In closing, I would like to take this opportunity to praise the work of my predecessor Jim Smith, who succeeded in strengthening the outstanding publication standards and the impeccable publication ethics of Development in difficult times of increasing competition from newly created journals in the field. I also want to highlight some changes to Development's editorial team, with the departure of four editors. Very special thanks are due to Peter Lawrence, who has accompanied Development through its previous revolutions as an editor for thirty-three years, and who has played a vital role in shaping the journal's vision and ethics. Thanks also to Ginny Papaioannou, who has been instrumental in reinforcing Development's position in the mouse developmental biology community. We are also extremely grateful to Stuart Orkin and Ken Chien, the editors of the ‘Development and Disease’ section for all their hard work in overseeing this special section of the journal for many years.

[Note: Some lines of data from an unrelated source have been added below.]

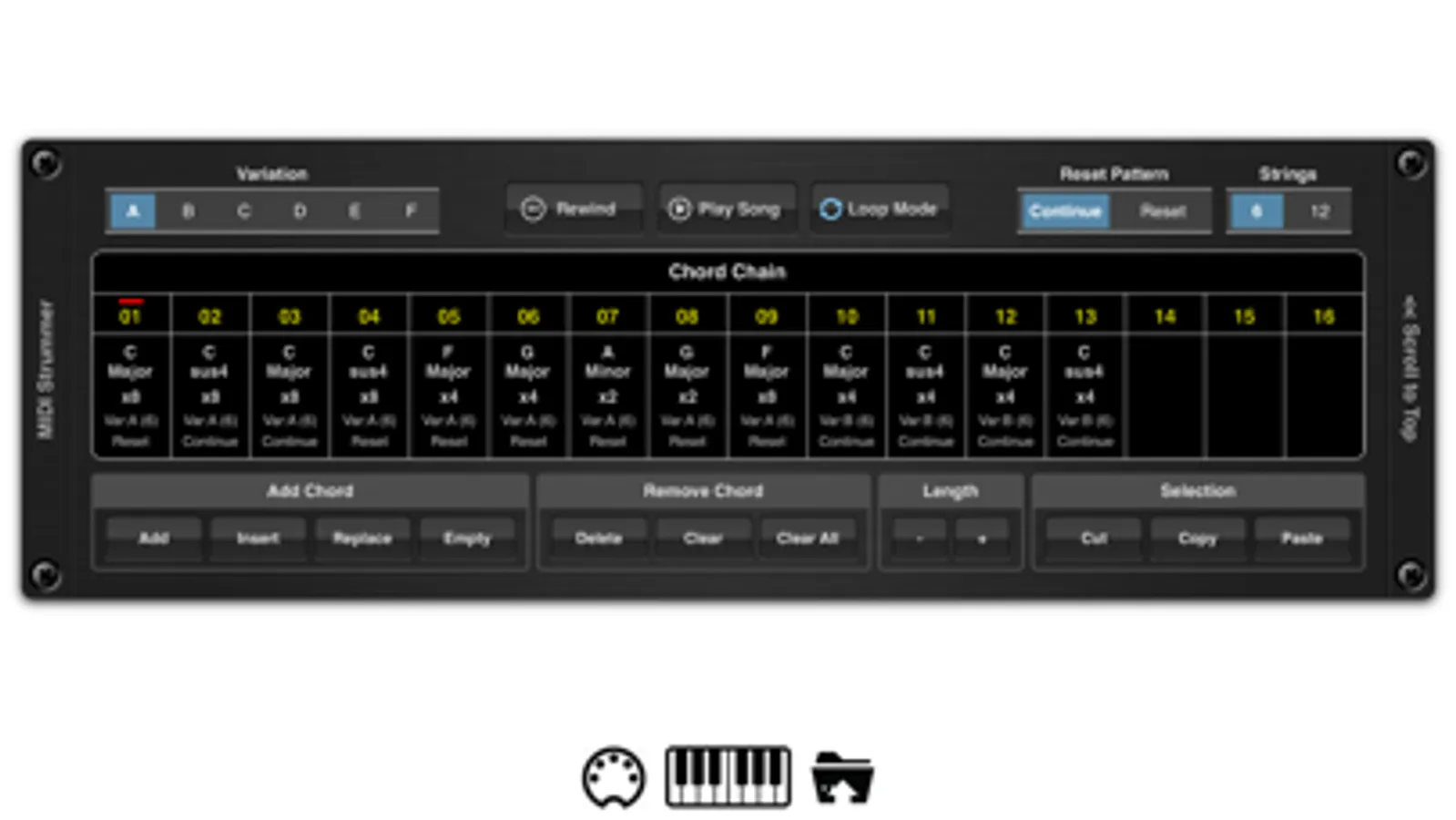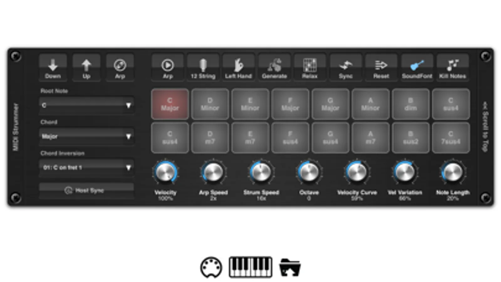 The inbuilt soundfont player allows you to import all your favourite .SF2 and .DLS soundfonts and use them as a sound source. MIDI strummer has a set of 16 definable chord pads that can hold a series of chords, which in turn can be triggered remotely via MIDI messages or by tapping the pads.
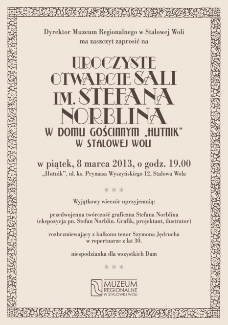 W piątek, 8 marca, zostanie tu zaprezentowana ekspozycja „Stefan Norblin. Grafik, projektant, ilustrator”,  na której będzie można podziwiać plakaty artysty, zarówno z serii turystycznej, jak i reklamowej oscylujące w stylistyce art déco. Zobaczymy także projekty okładek książek i czasopism, ilustracje czy karykatury. Prześledzenie rozwoju twórczości graficznej artysty pozwoli umiejscowić go w nurcie grafiki lat międzywojennych. Otwarcie sali im. Stefana Norblina uświetni występ Szymona Jędrucha znanego tenora, pochodzącego ze Stalowej Woli, który zaprezentuje się w  repertuarze z lat 30. Każda z pań obecnych na imprezie otrzyma niewielki, ale wyjątkowy upominek.
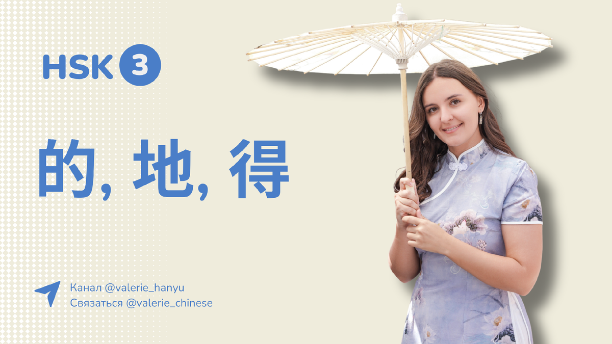 В китайском языке есть три часто встречающиеся частицы, которые звучат одинаково — 的 (de), 得(de) и 地 (de). Они играют разные роли в предложении, и понимание их функций помогает говорить и писать правильно. В этой статье мы подробно разберём каждую частицу, приведём множество примеров и упражнения для практики. Использование: После прилагательного: 漂亮的衣服 — красивая одежда После существительного (принадлежность): 我的书 — моя книга После словосочетания: 努力学习的孩子 — ребёнок, который усердно учится Примеры: 这是我朋友的手机。 — Это телефон моего друга. 北京的冬天很冷。 — Зима в Пекине холодная. 她是一个很聪明的学生。 — Она — очень умная ученица. 我喜欢你写的故事。 — Мне нравится история, которую ты написал. 那是我们学校的老师。 — Это учитель нашей школы. Использование: 1. Степень действия: 他跑得很快。 — Он бегает быстро. 2. Реакция или состояние после действия: 累得不想说话。 — Настолько устал, что не хочется говорить. Примеры: 他说得很好。 — Он хорошо говорит. 孩子们高兴得跳了起来。 — Дети так обрадовались, что подпрыгнули. 他笑得很开心。 — Он радостно смеется. 她累得站不起来。 — О
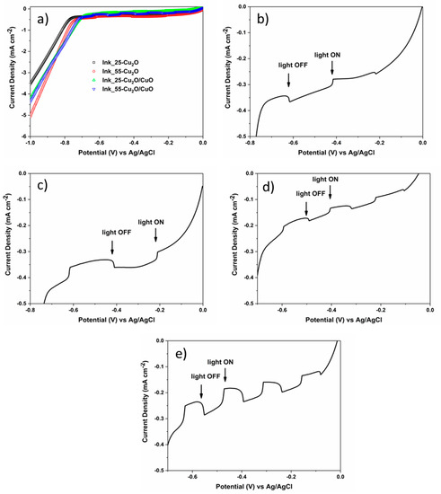 (a) Linear sweep voltammetry in light/dark conditions in a wide potential range, (b) magnification in the low potential range for films based on ink_25–Cu2O, (c) ink_55–Cu2O, (d) ink_25–Cu2O/CuO, and (e) ink_55–Cu2O/CuO.
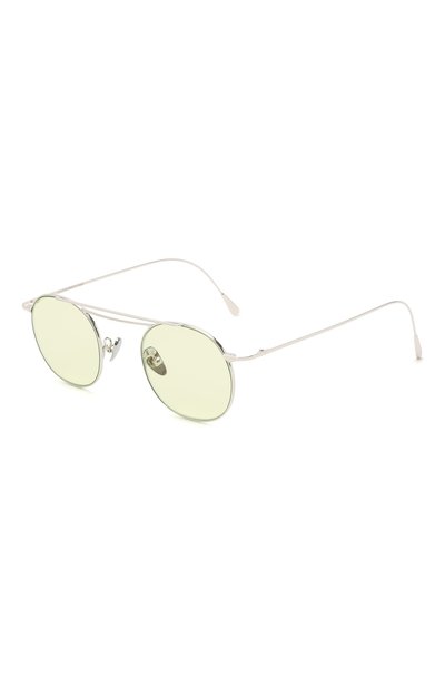 Солнцезащитные очки с тонкой округлой оправой выполнены вручную из облегченного металла с палладиевым покрытием. Светло-зеленые плоские линзы блокируют 100% вредного для глаз УФ-излучения. Аксессуар с регулируемыми носоупорами дополнен гибкими дужками.
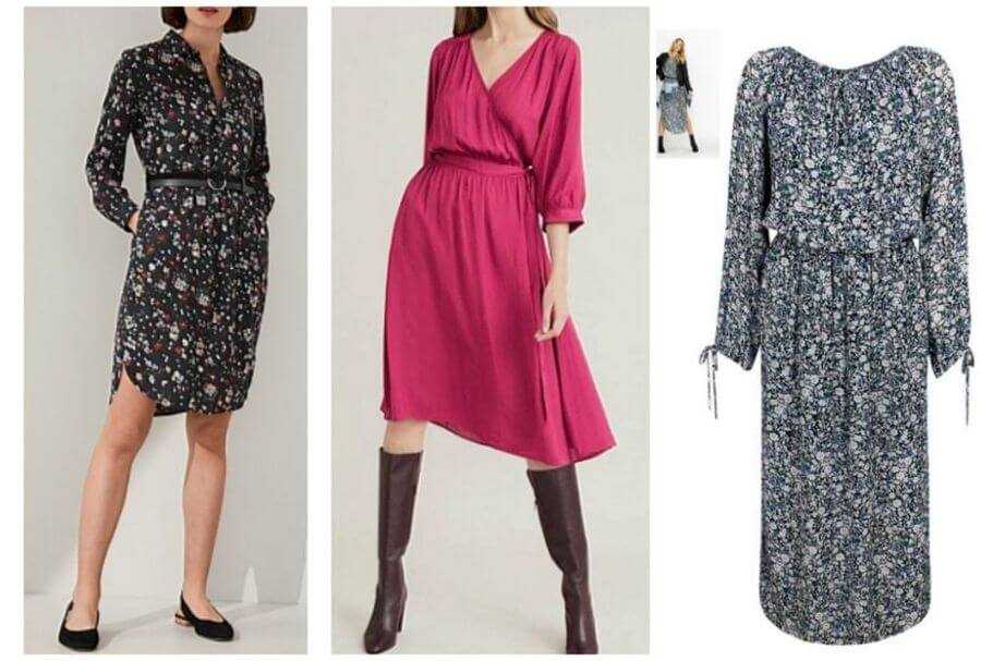 - Средней длины, собранные по талии, платья с длинными рукавами — особенно из хлопчатобумажных тканей (см. фото). Вы найдете версии с цветочными принтами (особенно с темным фоном), с принтами животных и текстурированными однотонными цветами. Этот стиль работает лучше всего на женщинах с четко выраженной талией и небольшим животиком.
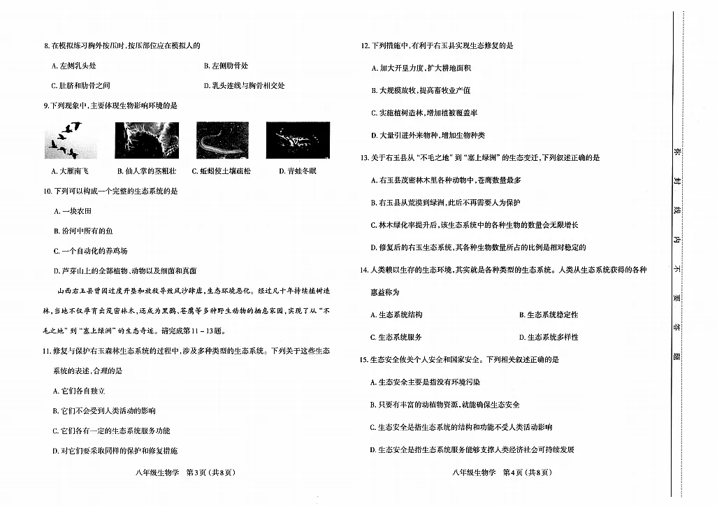 山西太原2025-2026学年第一学期八年级生物学期末试题分享
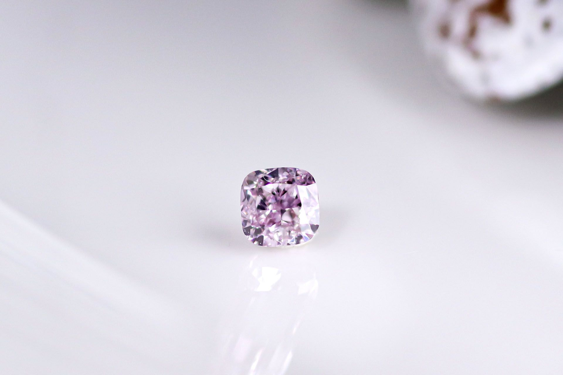 写真:ファンシーパープルピンクダイヤモンドとCGLのグレーディングレポート
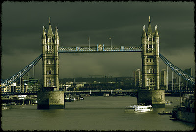 Tower Bridge (often mistakenly called, London Bridge.)The pedlar thanked him and left. He proceeded home to dig under the oak tree, only to unearth a pot of gold! Some versions add that a visitor to the now wealthy man read a Latin inscription on the pot that translates as:"Under me doth lie, Another much richer than I."
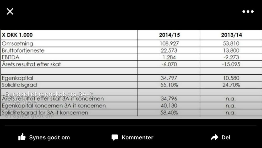 "Vi er naturligvis stolte af at kunne aflægge ovenstående regnskab, der med markante resultatforbedringer over hele linjen også viser kunder og partnere, at vi udover viljen og lysten til fortsat at investere i virksomheden, også har råd til det," hedder det i Facebook-opslaget, hvor 3A-it også konstaterer, at firmaets økonomi er "bundsolid".

We also welcome two new editors to Development's editorial board, Nipam Patel, a well-known ‘evo-devo’ specialist, who will help Development to evolve and expand the journal's coverage of this field, and Rong Li, a renowned cell biologist who brings additional expertise to the editorial board in the areas of developmental cell biology and systems biology. Nipam and Rong will be joining a team of highly respected and experienced editors that consists of Ben Scheres, Thomas Lecuit, Steve Wilson, Alex Joyner, Patrick Tam, Liz Robertson, Iva Greenwald, Ken Zaret and Austin Smith, all of whom I congratulate for their outstanding work under Jim's leadership. Lastly, Development would hardly be what it is without the huge contributions of Jane Alfred, Development's Executive Editor. I look very much forward to dealing with all these revolutionary changes with this expert team of editors.